A network of an enterprise, in a simplistic model, basically consists of three entities: end-hosts, data servers and firewalls. Users connect to the enterprise through the end-hosts and data is stored both at the data servers and at the end-hosts. Any external traffic from or to any end-host or server traverses a firewall capable of inspecting bi-directional traffic. Hosts and servers within the enterprise communicate internally without traversing the firewall.


Given an initial pre-specified set of files containing sensitive information located at end-hosts and data servers, a goal of a data leakage prevention mechanism is to stop an adversarial user or malicious process from leaking sensitive data out of the enterprise through the network.


Additionally, to make a data leakage prevention mechanism more easily compatible with enterprises' existing network, it is desirable that the mechanism be non-intrusive, lightweight and flexible. “Non-intrusiveness” requires that minimal changes be made to the end-hosts; one should not require any modifications of the kernel or changes to commodity software deployed in end-hosts. The overhead of leakage detection or prevention at any point within the enterprise (application-, host-, and firewall-level) should be “lightweight” and, thereby, not affect the system performance. Finally, there should be enough “flexibility” for an enterprise to specify policies to handle sensitive data leakage. For example, not all sensitive data that is leaked from an enterprise needs to be blocked; in certain scenarios, a user may genuinely want to send specific sensitive data across the Internet to a specified destination.


In accordance with an aspect of the disclosed invention, the above problems and limitations are avoided by: a) associating—within a network—a unique identifier with a packet that is transmitted by a process which has previously accessed a file containing sensitive data, and b) searching a packet before it exits a network for the unique identifier. This mechanism provides a strong guarantee against leakage of sensitive data out of a network by facilitating the monitoring of packets which potentially contain the sensitive information.



FIG. 1 is a schematic representation of a file leakage prevention mechanism, 100, according to an embodiment of the invention. Multiple files are stored on a data server 101 and an end-host 106. Only the files that have brackets around them contain sensitive information. Therefore, only file 3, which is stored on the data server, and file 4, which is stored on the end-host, contains sensitive information.
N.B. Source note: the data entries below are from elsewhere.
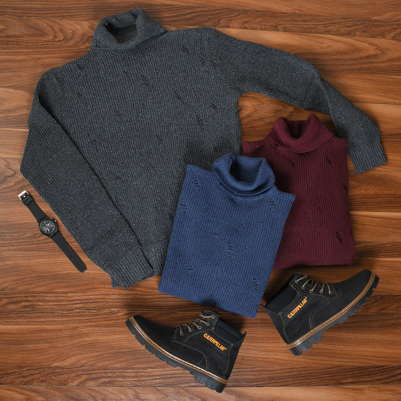 پلیور یقه اسکی طوسی زاپ دار مردانه مدل U10
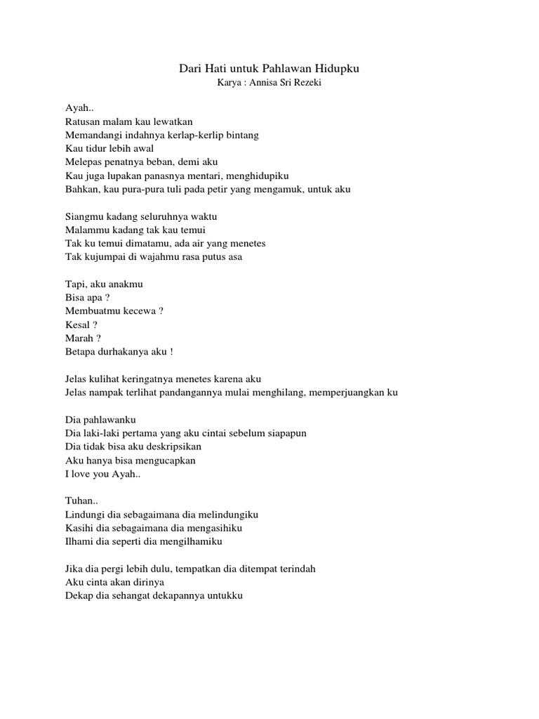 Ketujuh puisi kehidupan di atas memiliki makna yang sangat mendalam. May 12 2020 Ayah merupakan sosok pahlawan dalam keluarga yang setiap hari banting tulang bekerja keras kelelahan dan penat demi mencari sesuap nasi agar anak dan istrinya bisa terus hidup. Sep 09 2019 Kamu juga bisa mengiriminya puisi atau kata-kata manis yang barangkali bisa menyentuh hatinya sebagai ungkapan terima kasih atas jasa-jasanya terhadapmu selama ini.
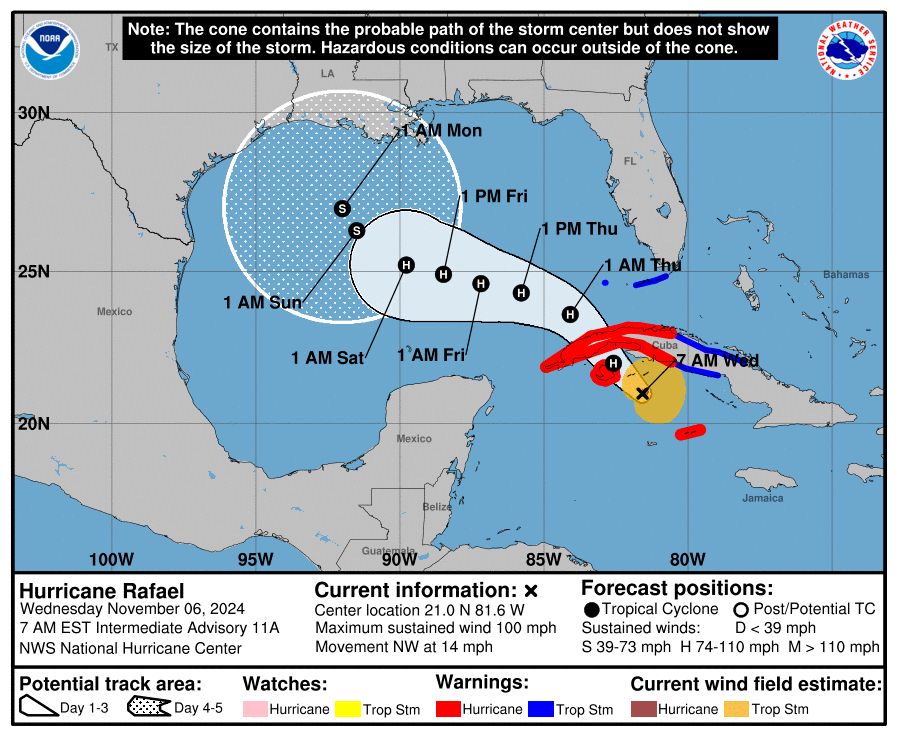 Some rain/snow over Denver today. Tropical Storm Rafael has strengthened to a Cat 1 Hurricane and looks to impact Cuba today.

In this embodiment, two of the basic components of the system are 1) a process monitor, 105 and 2) an exit firewall, 109. The process monitor can track the flow of sensitive data within a host, across hosts, and to the firewall. A host is, for example, a data server or an end-host, where a user would connect to the network. A process becomes tainted when it accesses sensitive information. Tainted processes are represented on the figure with brackets around the process name. In the figure, processes A and B on the data server and processes D and F on the end-host are tainted. Sensitive information is accessed when a process opens a sensitive file or receives information from some other tainted process on any host inside the enterprise. A process monitor is a shared library installed on all enterprise hosts to track all the tainted processes that are capable of sending sensitive information.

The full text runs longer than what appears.